It can be seen from Figure 8 that P8 increases with the increase of input variables P1, P6 and P7, and decreases with the increase of input variable P5. The reason for this rule is that the wall thickness of the lower rocker arm decreases with the increase of P5. The thinner the wall thickness, the lighter the total mass of the lower rocker arm.
The curve relationship between the four input variables and the maximum displacement of the lower arm is shown in Figure 9.
In Figure 9, it can be observed that the input variables P1, P5, P6, P7 exert the same influence on P9, and they all first decrease and then increase. The lower arm displacement reaches the minimum value when the variables P1, P5, P6, P7 are 143 mm, 775 mm, 100 mm, and 180 mm, respectively.
The relationship curve between the four input variables of the lower rocker arm and the maximum stress of the lower rocker arm is shown in Figure 10.
It can be seen from Figure 10 that among the influence laws of four input variables on P10, there are approximate monotonic function curves and convex function curves. Among them, P10 is slightly affected by the input variables P1, P6 and P7, the range of change is about 1–3 MPa, while changes to the variable P5 have the greatest effect on P10; the range of changes is close to 10 MPa.
(2) Sensitivity analysis
In order to fully understand the influence of the input variables on the mass, displacement, and equivalent stress of the lower rocker arm, the key factors affecting the objective function were found through the local sensitivity provided in Response Surface [18,19]. The results of the sensitivity analysis of each input variable for the objective function are shown in Figure 11.
As can be seen in the Figure 11, the input variable features a positive or negative sensitivity to the mass of the lower rocker.
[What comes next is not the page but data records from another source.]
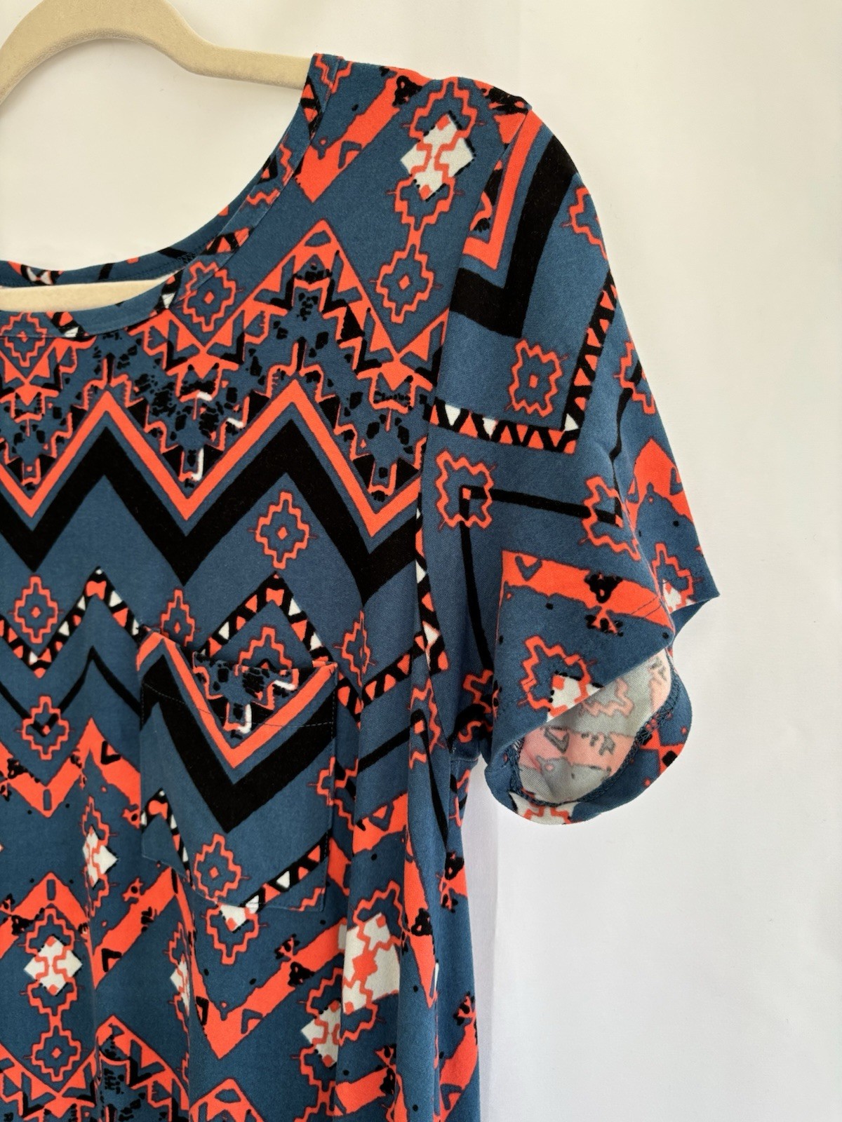 Lularoe Carly Multicolor Geometric Pattern Short Sleeve Dress Size Small Preowned excellent condition SHIPS OUT WITHIN 24hrs!! Comes from a smoke free home.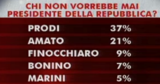 Al secondo posto di questa classifica negativa troviamo Giuliano Amato, sulla cui candidatura si è molto discusso nelle ultime settimane, che risulta inviso dal 21% degli intervistati, mentre incontrano minore ostilità la senatrice del PD Anna Finocchiaro (9%), la radicale Emma Bonino (7%) e Franco Marini (5%), il candidato che non è riuscito ad ottenere i voti necessari nella votazione di ieri.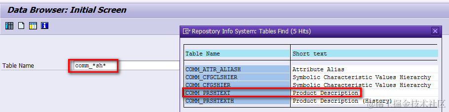 Then find potential database table which stores product text in CRM using “*” in SE16: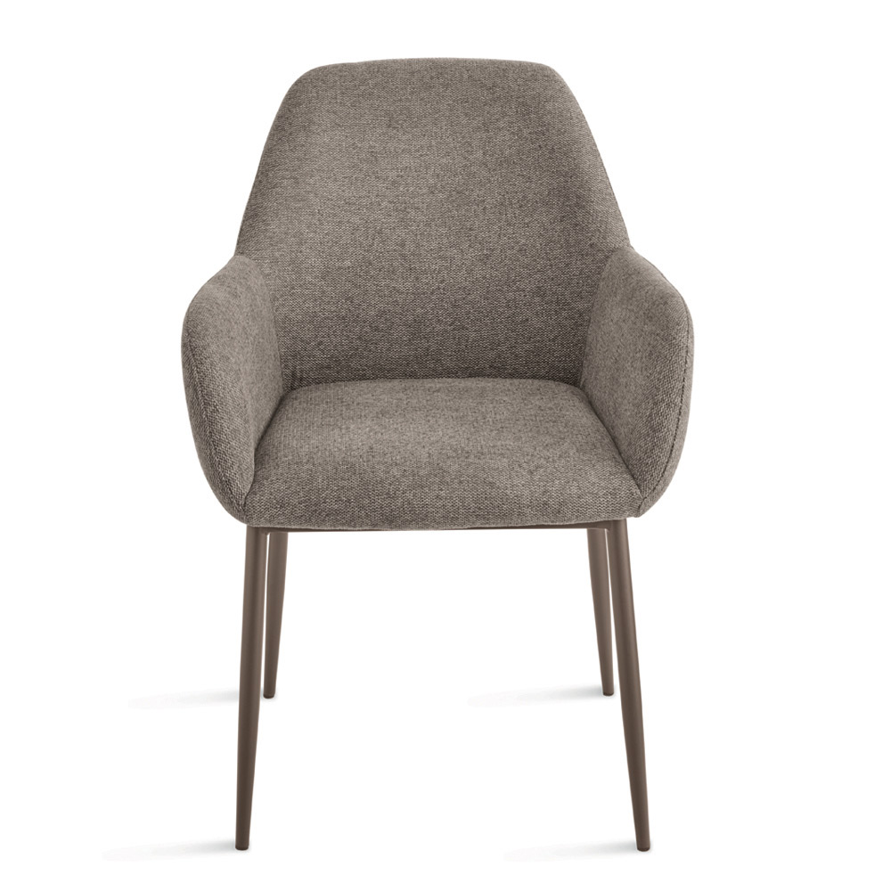 Krzesło charakteryzuje się szerokim, wygodnym siedziskiem z kwadratowymi podłokietnikami, przypominającymi mały, kompaktowy fotel. Taka konstrukcja zapewnia wyjątkowy komfort bez uszczerbku dla elegancji, dzięki czemu idealnie nadaje się do relaksu lub rozrywki.

Parameter P5 exerts the greatest influence on the mass sensitivity of the lower arm and correlates negatively. Figure 11 further shows that the mass of the lower rocker decreases with the increase of variable P5, which can be used as the focus of weight reduction optimization for the lower arm. Parameters P5, P6, and P7 correlate positively with the sensitivity of the maximum displacement of the lower rocker arm, while P1 correlates negatively, and P6 exerts the least influence on the sensitivity of the maximum displacement of the lower rocker arm. Parameters P1, P6, and P7 are negatively correlated with the maximum stress sensitivity of the lower arm, while P5 correlates positively with the sensitivity of the maximum stress and has the greatest influence on the sensitivity of the maximum stress. Therefore, the maximum equivalent stress of the lower arm can be improved by changing the value of P5.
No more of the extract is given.